Quote from: cheors on April 23, 2018, 01:07:56 PM
Seaad
On the thin red wire.
I wonder if the voltage across the blue cap is a completely smoothed dc or it has any kind of ripple at 120Hz when the device is working. If the latter is true then it can be used for sync. Perhaps the unknown 37pin of Pierre opens and closes according the peaks of this signal. A switched ground point perhaps? Or a sync method for bringing the output peaks in time accordance with the input wave? Only Pierre knows.


Interesting: it could explain why he needs this 4 ohms resistor:
To power the coils/switches with some ripple (variable current) and recover from the diodes on the other side.

Its a very thin wire, it cannot be carrying much current.

Regards

L192

listener192

Quote from: seaad on April 23, 2018, 01:54:03 PM
cheors  I think you are close!  If true, goes to relays 71, 72    (first anyhow) !!    See pic

"I wonder if the voltage across the blue cap is a completely smoothed dc " Anyhow a much higher level!

The only BUT here is that the wires goes slightly backwards when they comes up behind the bottom relay assembly.

cheors On your CurrentVariation pic : I'm Not convinced that Pierres diodes goes to both plus an minus ? See an earlier post of mine.
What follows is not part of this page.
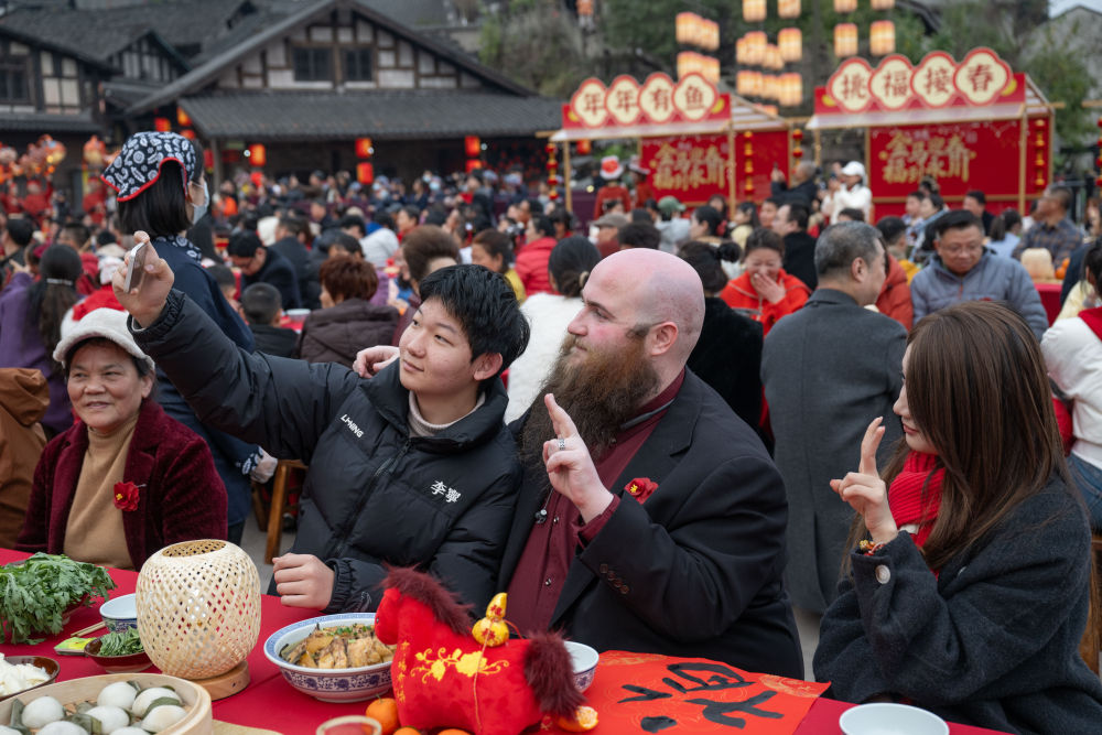 2026年2月16日,外国游客在重庆永川松溉古镇除夕夜千家宴现场与当地居民游客并排而坐,开心过年。

Reply #477 on: April 16, 2018, Page 32,


Regards  Arne




The diodes are wired 2 in parallel which is  a strange way to get the current rating doubled however, maybe its just cheaper doing it that way. The way its drawn ,the diodes look like they are either side of the switch each one joined a potentially different current flow.  Anyway they just are not connected that way.